A comprehensive digital books database would be a very good thing, but expediency is no substitute for the rule of law. Even if this settlement is “fair, reasonable, and adequate” to copyright owners, as the law requires, it would still be important to make sure that it doesn't create a bad precedent for future class actions. What if Union Carbide had been able to settle the Bhopal lawsuits on terms that allowed it to keep on pumping out toxic methyl isocyanate in the future, provided it split the revenue with people living nearby?

Settlement 1.1

I had hoped that Settlement 2.0 would fix these problems, but it's turned out to be more like Settlement 1.1: one big feature cut and a bunch of small bug fixes. The feature cut is that most foreign books—those from everywhere besides the U.S., the U.K., Canada, and Australia—are out of the settlement entirely. The new class excludes continental Europe, Japan, and New Zealand, home to the squeakiest wheels the first time around.
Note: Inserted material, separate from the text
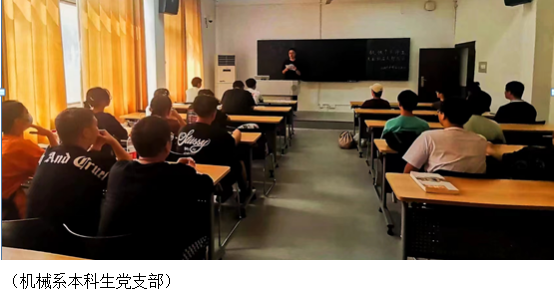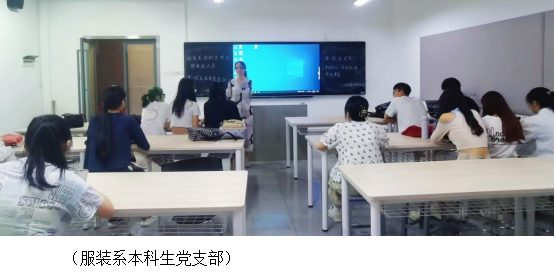 服装系教师党支部书记颜璨、艺术设计系教师党员龙适、艺术设计系本科生党支部“第一书记”张杜豆、机械系本科生党支部“第一书记”肖坤洪分别到联系党支部进行指导并讲话。
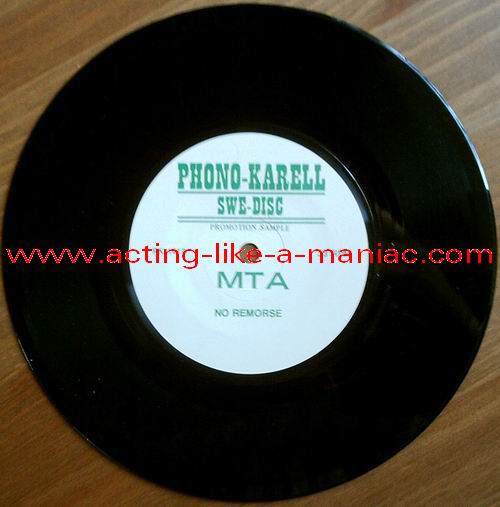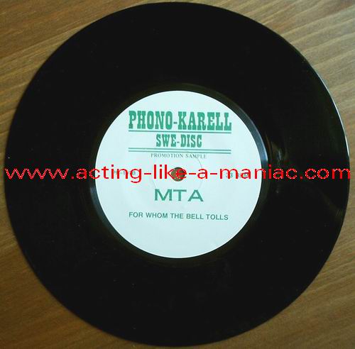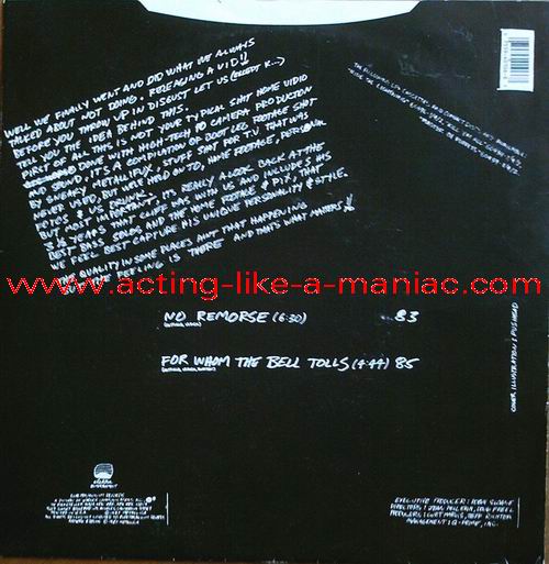 black vinyl with cut on the edge, scan from the collection of "Greg Dauny", many thanks Type Of Vinyl: 7" Single Country / Year: Sweden / 1989 Company: "Elektra/Asylum Records" Source / Date: Taken From The Official "Cliff 'Em All" Video Matrix: Track List: A. No Remorse B. For Whom The Bell Tolls

They wanted out of the settlement, and they got it.

The smaller changes are mostly welcome news. Gone is the frightful provision by which revenue earned by copyright owners who didn't claim their books would be diverted to other copyright owners who did. In its place, there's a fully funded independent fiduciary to search for orphan owners. Other changes address competitive concerns. Copyright owners have more flexibility to negotiate a revenue split other than 63/37; Google has more flexibility to offer discounts to readers on its own dime; the price-setting algorithm has been defanged; and the most-favored-nations clause in Google's favor is gone. Google's recent promises to allow Creative Commons licenses and to let others set up their own branded storefronts to sell Google-hosted books are now officially in the settlement itself. The definitions have also gotten a clean-up job: comic books, children's books, and sheet music are now more clearly not covered.

Still, the dark heart of the deal remains: Google will still have effectively exclusive access to unclaimed books. That's still a problem of concentrated power, it's still an antitrust issue, and it still raises grave concerns about using a class action in this way. The next few months will be quite interesting; the parties are optimistically calling for the notice, objections, and fairness hearing to be wrapped up by mid-February.

A fuller response to the amended settlement will come in a white paper being drafted by the Public Interest Book Search Initiative. The paper should be completed by the first week in December.